NetworkManager.service    loaded failed failed        Network Manager



thanks!
Comment 10 Marius Tomaschewski 2012-02-21 16:35:02 UTC
(In reply to comment #9)
> (In reply to comment #8)
> > Note: You don't need to _use_ any samba -- it is enough that samba-client
> > is installed. Please update any samba related packages from:
> > 
> > http://download.opensuse.org/repositories/home:/fcrozat:/systemd/openSUSE_12.1/
> 
> interesting!

Yes :-)

> ACK: with new samba-client the network startup is ok:

OK, thanks for verification.


> now the only remaining failure is NetworkManager because I've disabled it
> (IMHO still not a valid and "wanted" failure -- as failures are never
> "wanted", see bug #745653):
> 
> NetworkManager.service    loaded failed failed        Network Manager

Yes, I'd say it is WONTFIX.

In LSB init scripts, you can return:

 5 (program is not installed) alias skipped,
 6 (program is not configured) alias unused,
or in a "status" query
 3 (service not running) alias unused.

this are basically also errors, but displayed differently.

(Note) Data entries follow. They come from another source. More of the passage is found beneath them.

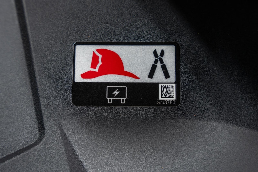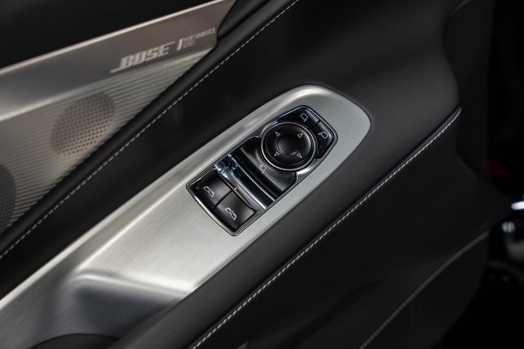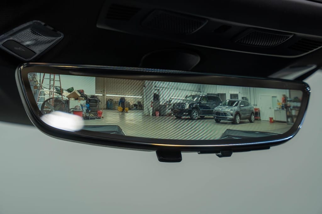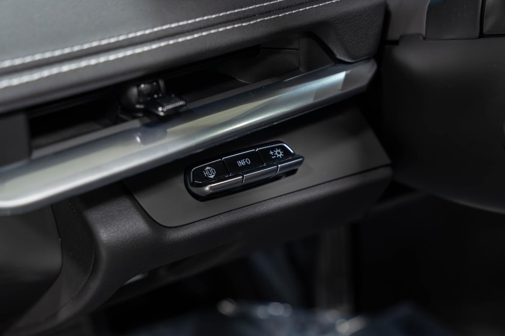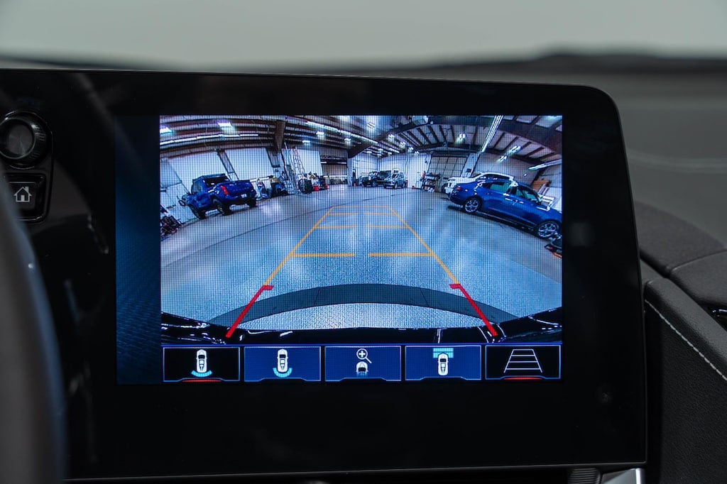 - The vehicle is equipped with a camera that displays an image of the area behind the vehicle on an interior display.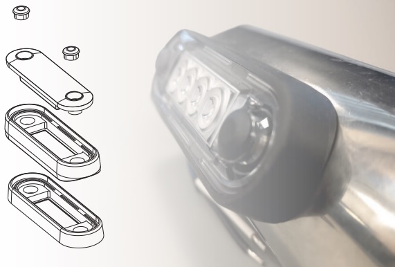 Dve priloženi gumi tesnili omogočajo horizontalo ali vertikalno montažo na ravno površino (npr. prednja maska) ali okroglo povšino (npr. prednja cevna zaščita).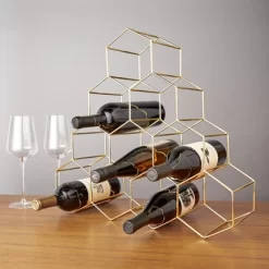 Viski Geo Gold Bottle Wine Rack, Honeycomb Design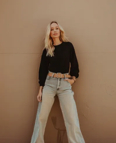 This outfit is all about laid-back sophistication with a touch of edge. The high-waisted light-wash jeans, with their wide-leg silhouette and rolled cuffs, bring a vintage-inspired vibe that s effortlessly cool. A cropped black sweater adds a modern, fitted touch to balance the loose denim, while the tan belt highlights the waist for a structured finish. The sleek black moto boots complete the look with just the right amount of attitude, making it both practical and stylish.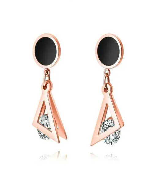 VIEN Womens Fashion Triangle Drop Earring For Women CZ Stainless Steel Drops & Danglers(RG)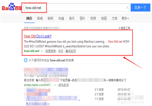 1、首先在百度上搜索【how-old.net】,找到如下圖這個(gè)官方網(wǎng)站,點(diǎn)擊進(jìn)入how-old net首頁?;蚴强梢灾苯釉诘刂窓阪I入上面地址,直接進(jìn)入首頁。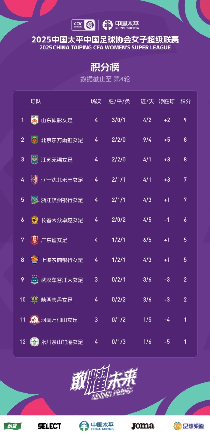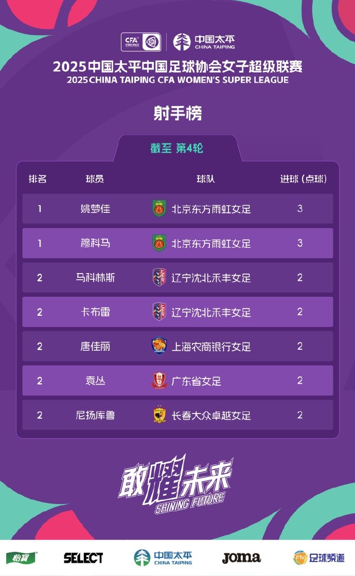 2025-03-23 21:00:23女超聯(lián)賽第4輪積分榜&射手榜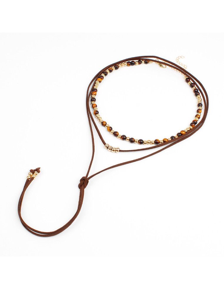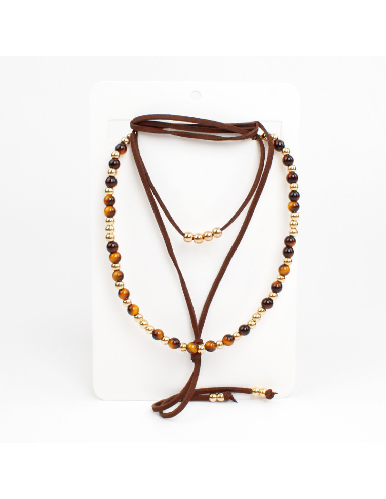 Set de dos collares, uno flexible de lenga con bolitas de vidrio y pasantes de CCB. Otro collar de gamuza de múltiples vueltas.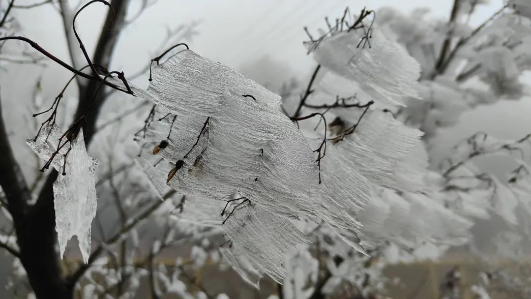 那些不透明的冰晶簇?fù)碓谝黄?,一層疊一層,一團(tuán)接著一團(tuán),被霧凇包裹的草木一枝挨著一枝,一簇連著簇,就像無(wú)數(shù)潔白的花朵開(kāi)在山間,極其壯觀。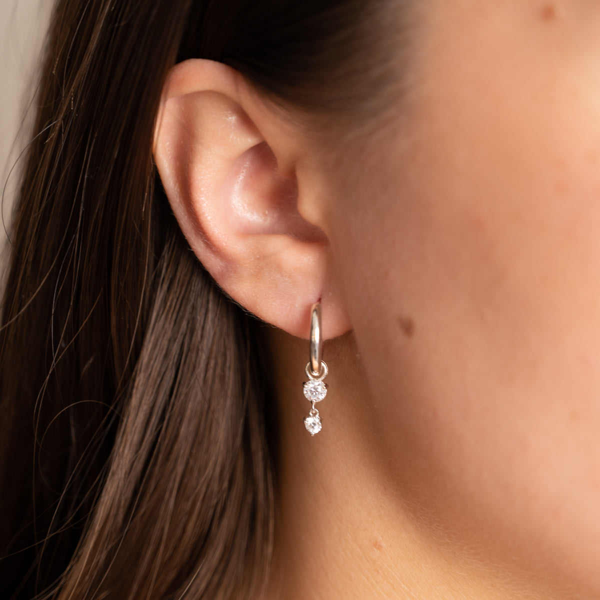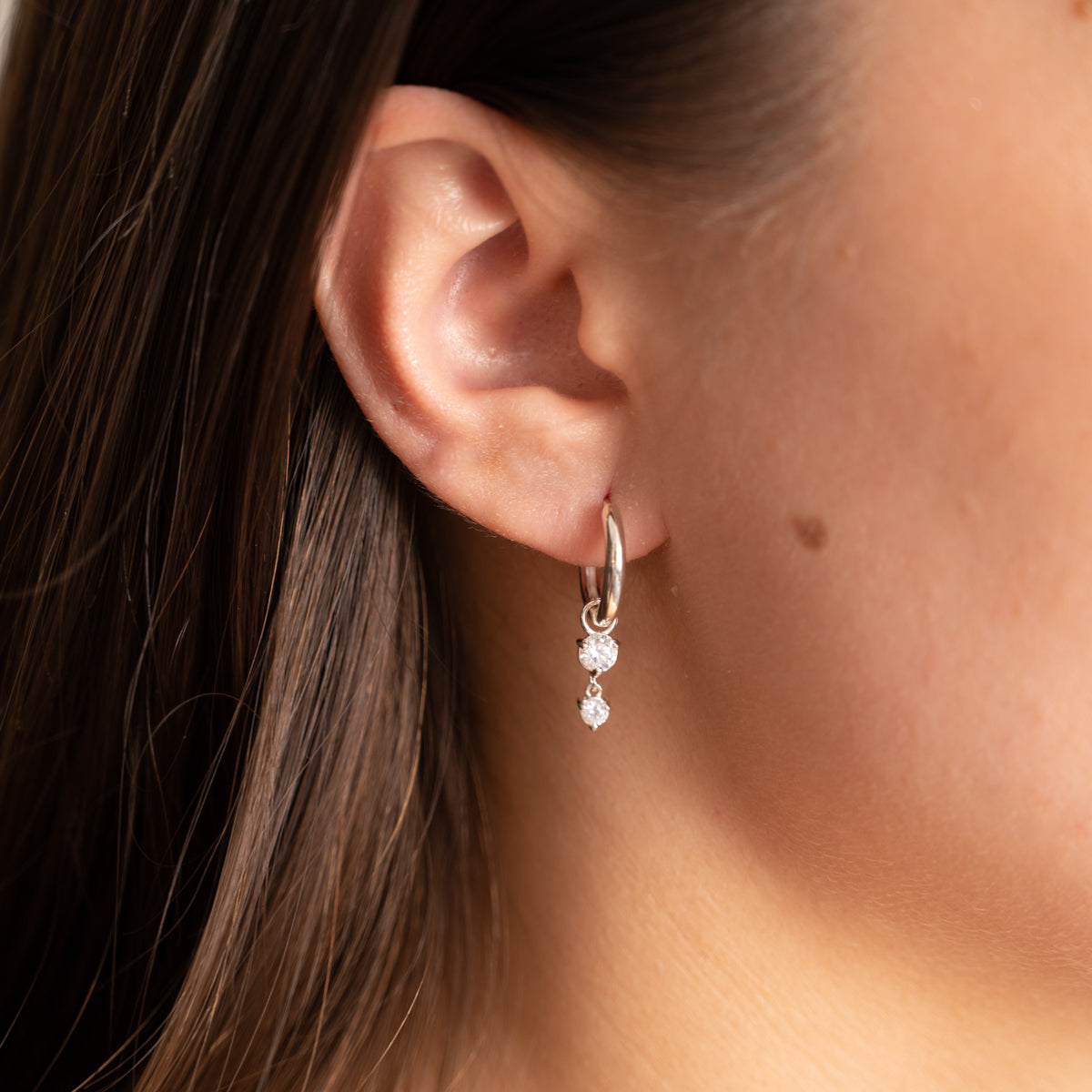 Små creoler i 100% resirkulert 925 sterlingsølv med anheng med to zirkoniastein. Våre øreringer i Elenor er tidløse klassikere som aldri går av moten. Anhenget kan enkelt tas av creolen hvis du vil style øreringene litt ned, og den fungerer dermed som 2-i-1!

Systemd does not provide such a possibility.

There are several possibilities to set a "Condition" (man systemd.unit)
for the start, but there is AFAIK no one that would allow to execute a
test to check a custom condition [ConditionExecuteTest :-)], so we were
forced to use ExecStartPre="/usr/bin/test "x${NETWORKMANAGER}" = xyes".

This works (NM is not started), but is considered as an error.

This is something we'll probably address in 12.2.